Information is the result of processing data. It enables the processed data to be used in a context and have a meaning.
In simpler words, information is data that has meaning.
If we put information into an equation with data, it will look like this:

Data + Meaning = Information
Example:
- 161.2, 175.3, 166.4, 164.7, 169.3 are the heights of the five tallest 15-year-old students in a class.
- Cat, dog, gerbil, rabbit is a list of household pets.

Knowledge

Knowledge is the state of knowing/learning something through the given information.
If we put knowledge into an equation with information, it will look like this:

Information + Application or Use = Knowledge
Example:
- The tallest student is 175.3 cm.
- A lion is not a household pet as it is not in the list, and it lives in the wild.

Conclusion

Data is a collection of facts. Information is how you understand those facts in context. Knowledge is learning something from the given information.

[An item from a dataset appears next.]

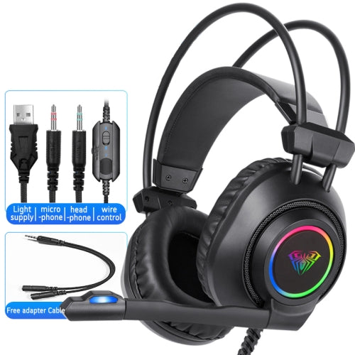 AULA S600 3.5mm + USB Port RGB Lighting Gaming Headset with Mic(Black)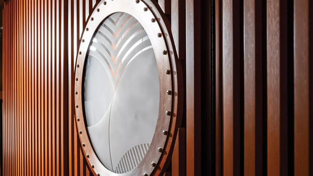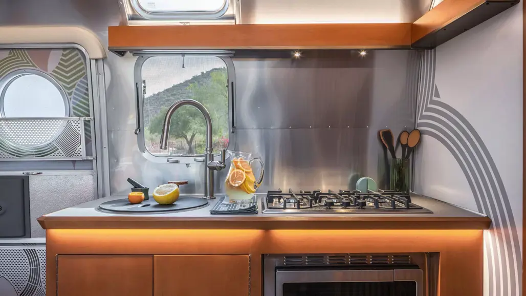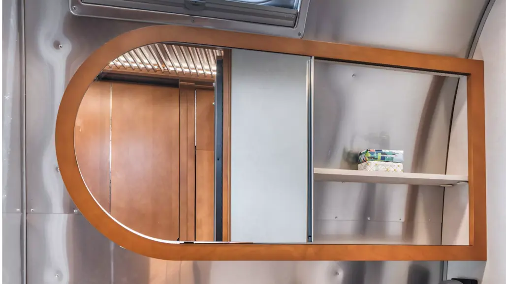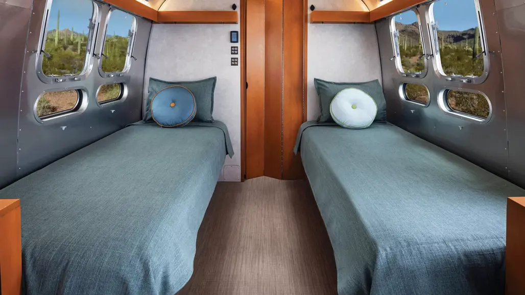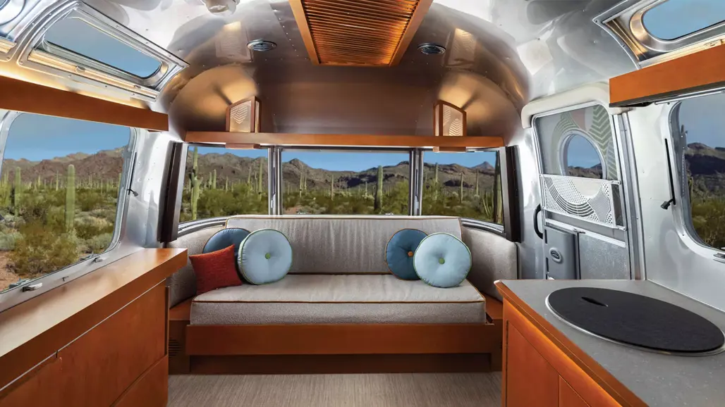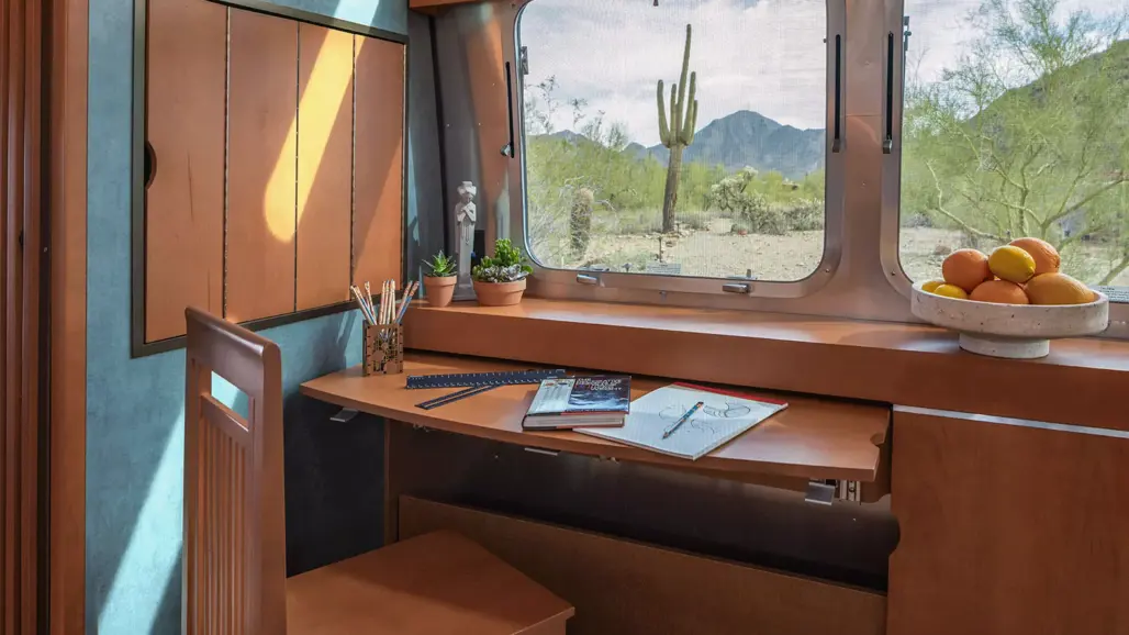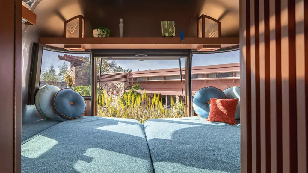 The Usonian isn’t just borrowing a name. It leans heavily on Wright’s architectural ethos (living in harmony with nature) by letting the outside in. The cabin has more windows than your typical Airstream, including a pair of portholes that nod to Wright’s fascination with circular shapes. The result is an airier, brighter interior that still manages to feel sleek and self-contained.

Grouped and Ungrouped Data

We often describe data as grouped and ungrouped.
Raw data or data that have not been summarised in any way are called ungrouped data.
Example of ungrouped data: The below table contains test scores of a class.
- Test scores: [85, 37, 56, 87, 75, 67, 58, 62, 77, 94, 95, 88]
Data that have been organized into a frequency distribution are called grouped data.
Example of grouped data: Frequency Distribution of 60 Years of Unemployment Data.

pd.DataFrame(
    {
        "Test Scores": [
            "90—99", "80—89", "70—79", "60—69", "50—59", "40—49", "30—39", "Total"
        ],
        
        "Number of Students(Frequency)": [
            7, 5, 15, 4, 5, 0, 1, 37
        ]
    }
)

Individuals and Variables

Defining The Terms

Individuals are people or objects included in a study.
- e.g. five individuals could be five people, five records or five reports.

A variable is a characteristic of the individual to be measured or observed.
- e.g. age, time etc.

Example

Example: Millions of Americans rely on caffeine to get them up in the morning. The data below shows nutritional content of some popular drinks at Ben's Beans coffee shop.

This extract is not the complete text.